About this exercise »
Leave out all pictures and retype exactly the lines from the one with "The Stephen F." through the last line of the material.

Stored data »
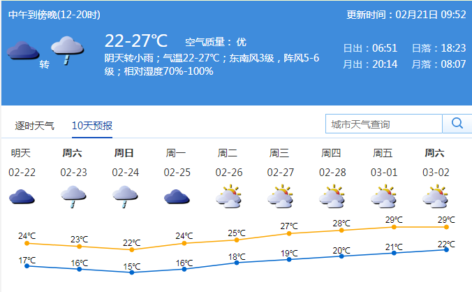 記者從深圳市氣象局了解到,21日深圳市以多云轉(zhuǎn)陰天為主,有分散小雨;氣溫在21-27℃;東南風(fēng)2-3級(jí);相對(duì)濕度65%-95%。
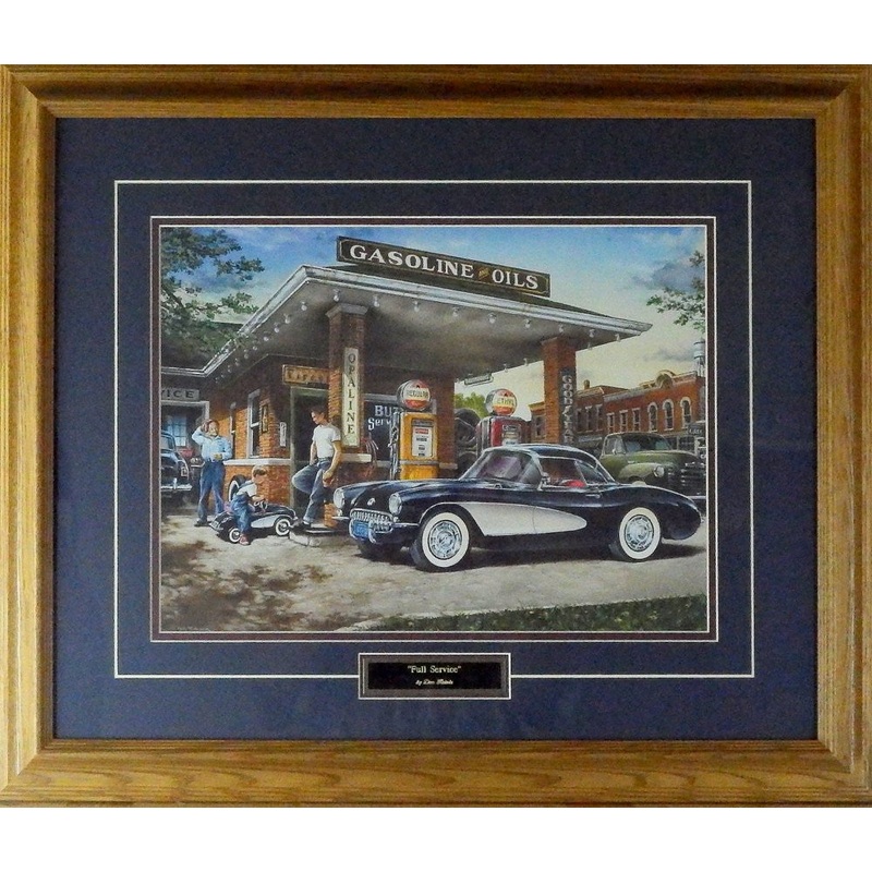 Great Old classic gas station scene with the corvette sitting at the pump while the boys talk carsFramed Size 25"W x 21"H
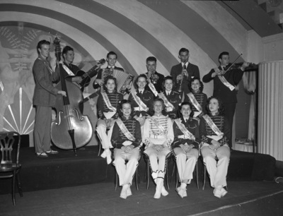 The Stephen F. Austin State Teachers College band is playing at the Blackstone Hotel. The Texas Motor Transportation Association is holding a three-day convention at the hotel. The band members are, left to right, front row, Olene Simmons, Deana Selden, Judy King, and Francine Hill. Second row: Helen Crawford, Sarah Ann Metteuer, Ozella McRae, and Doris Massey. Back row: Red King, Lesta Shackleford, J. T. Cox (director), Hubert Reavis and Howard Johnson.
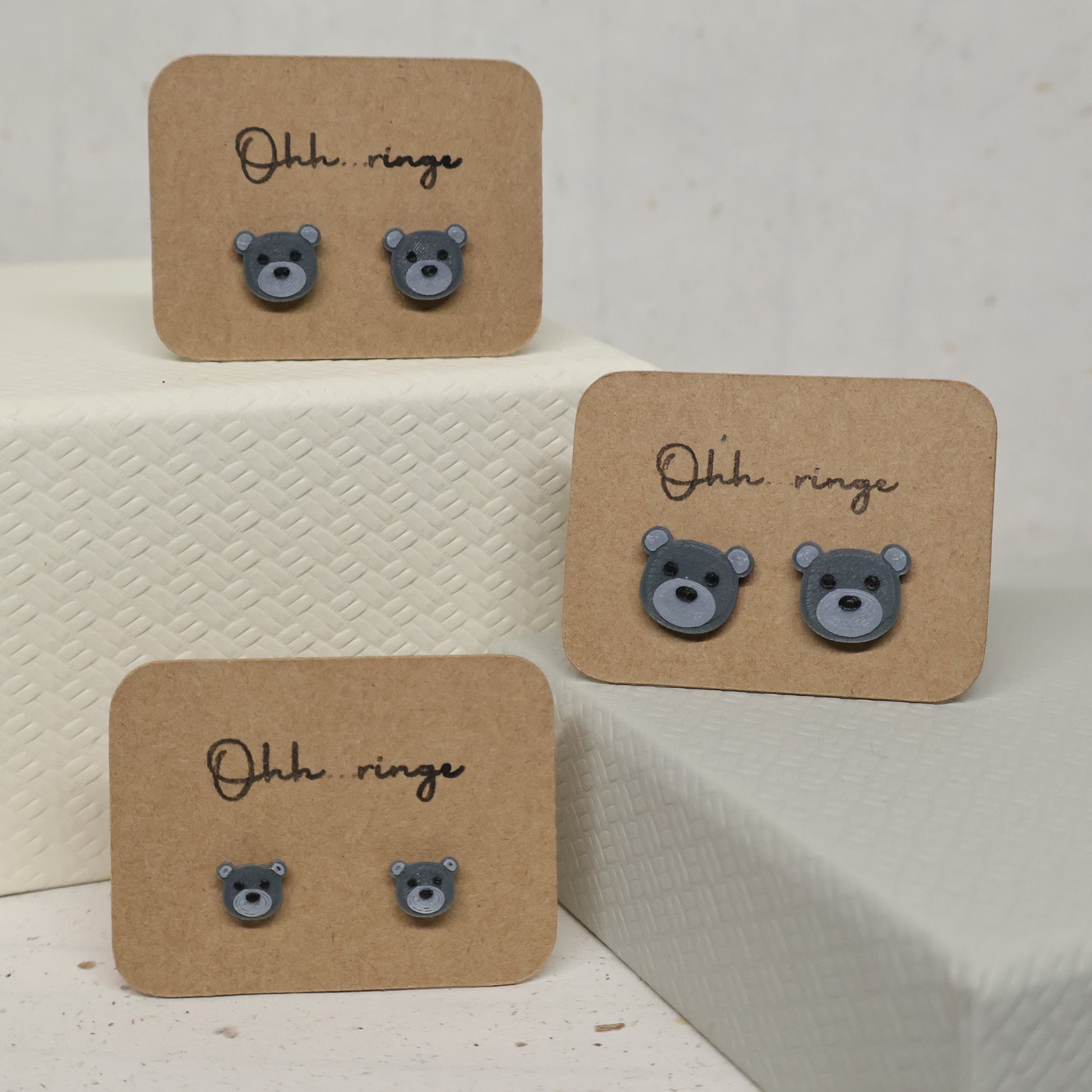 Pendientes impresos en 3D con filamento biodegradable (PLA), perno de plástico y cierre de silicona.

Answer space »
 The Stephen F. Austin State Teachers College band is playing at the Blackstone Hotel. The Texas Motor Transportation Association is holding a three-day convention at the hotel. The band members are, left to right, front row, Olene Simmons, Deana Selden, Judy King, and Francine Hill. Second row: Helen Crawford, Sarah Ann Metteuer, Ozella McRae, and Doris Massey. Back row: Red King, Lesta Shackleford, J. T. Cox (director), Hubert Reavis and Howard Johnson.
 Pendientes impresos en 3D con filamento biodegradable (PLA), perno de plástico y cierre de silicona.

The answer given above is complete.